Daily BriefsMost Read

Most Read: Kito Corporation, Hyundai Heavy Industries, Bharat Electronics, Brambles Ltd, KT Corp and more

In today’s briefing:

  • Kito (6409) Goes Private. Again. This Time With KKR, But Watch the Register
  • Block Deal Sale of Hyundai Heavy Industries
  • NIFTY100 Index Rebalance Preview: Five Potential Changes in September
  • Brambles (BXB AU): Where Could CVC’s Bid Come In?
  • SK Telecom Nearing Zero Foreign Room &  May Spark Alternative Trading for KT Corp

Kito (6409) Goes Private. Again. This Time With KKR, But Watch the Register

By Travis Lundy

  • Kito Corporation (6409 JP) was taken private in 2003. It was re-IPOed by Carlyle in 2007 but Konecranes stayed an investor until 2016. Then it unwound.
  • Today, Kito announced the best results since pre-covid and forecasts for growth. They also announced KKR unit Crosby would launch a Tender to buy them out at a 62% premium.
  • Shareholder structure is highly unusual, and interesting to boot, especially looking at the most recent arrival in the top two. The fact there is a break fee is… telling.

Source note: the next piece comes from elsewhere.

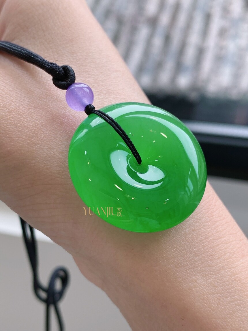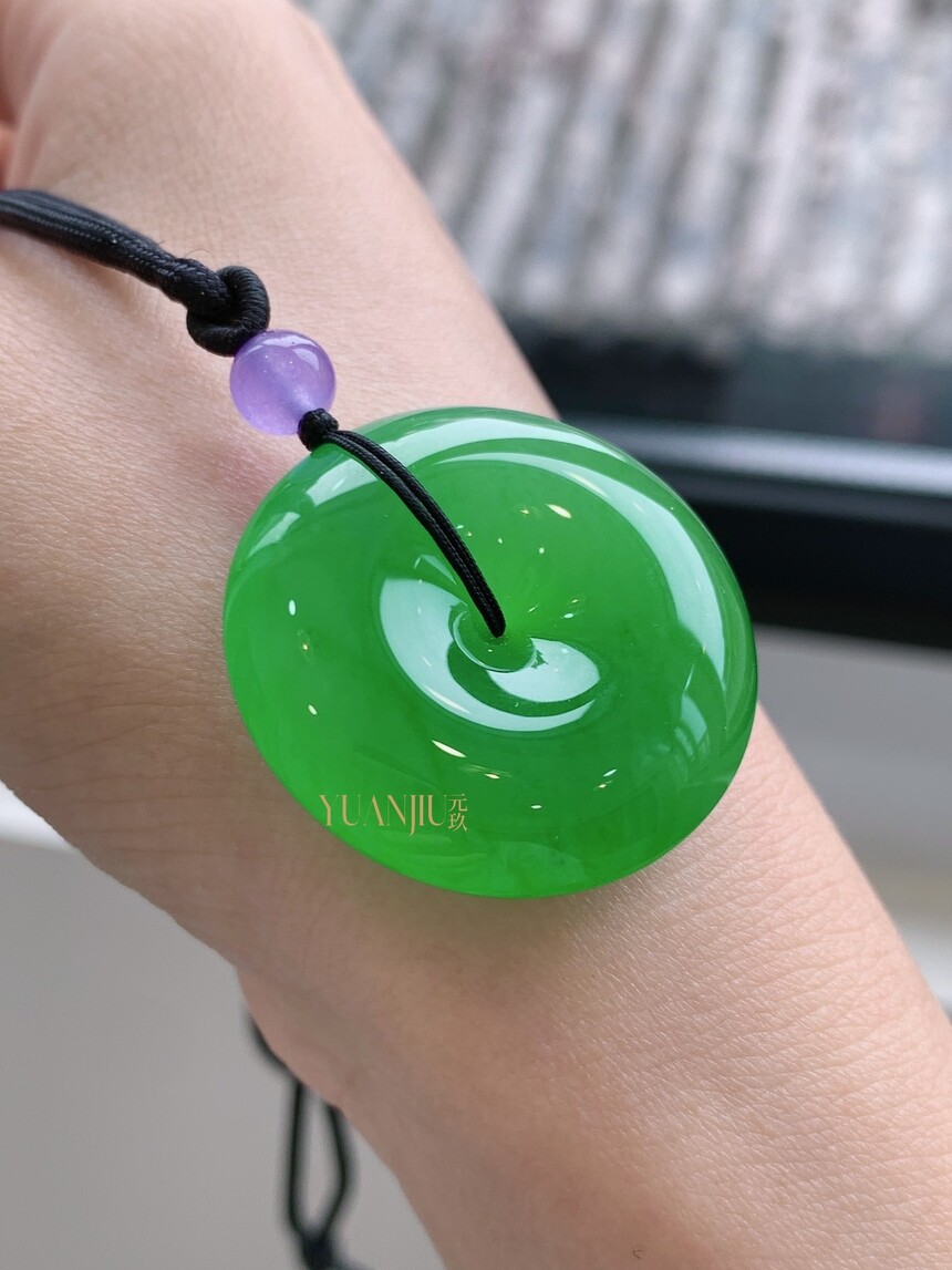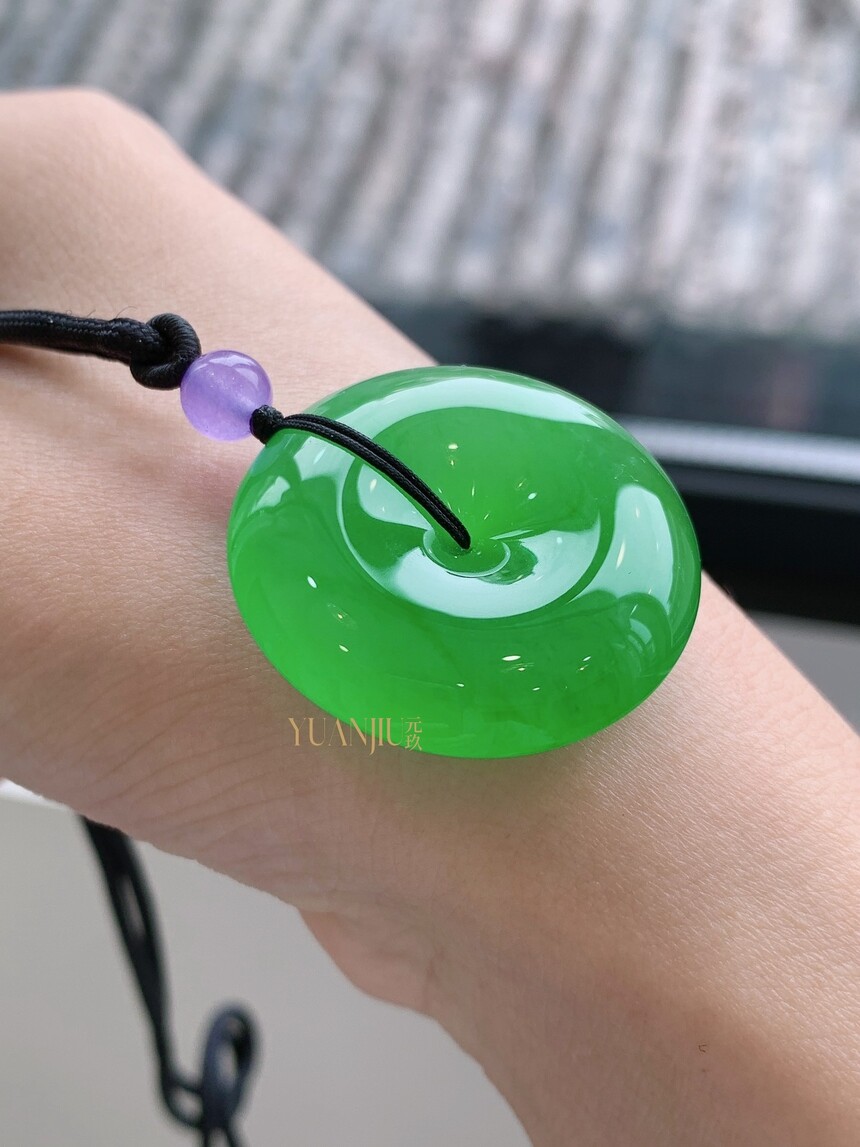 收藏级高冰阳绿平安扣吊坠

Block Deal Sale of Hyundai Heavy Industries

By Douglas Kim

  • After the market close today, Korea Shipbuilding & Offshore Engineering announced that will sell 1.7% of its shares (1.5 million shares) in Hyundai Heavy Industries in a block deal.
  • The block deal sale is expected to take place on the morning of 17 May. The block deal price is expected to be 120,650 won.
  • We would take this deal as we believe this sale is likely to have a short term positive impact on HHI and increase the free float of HHI.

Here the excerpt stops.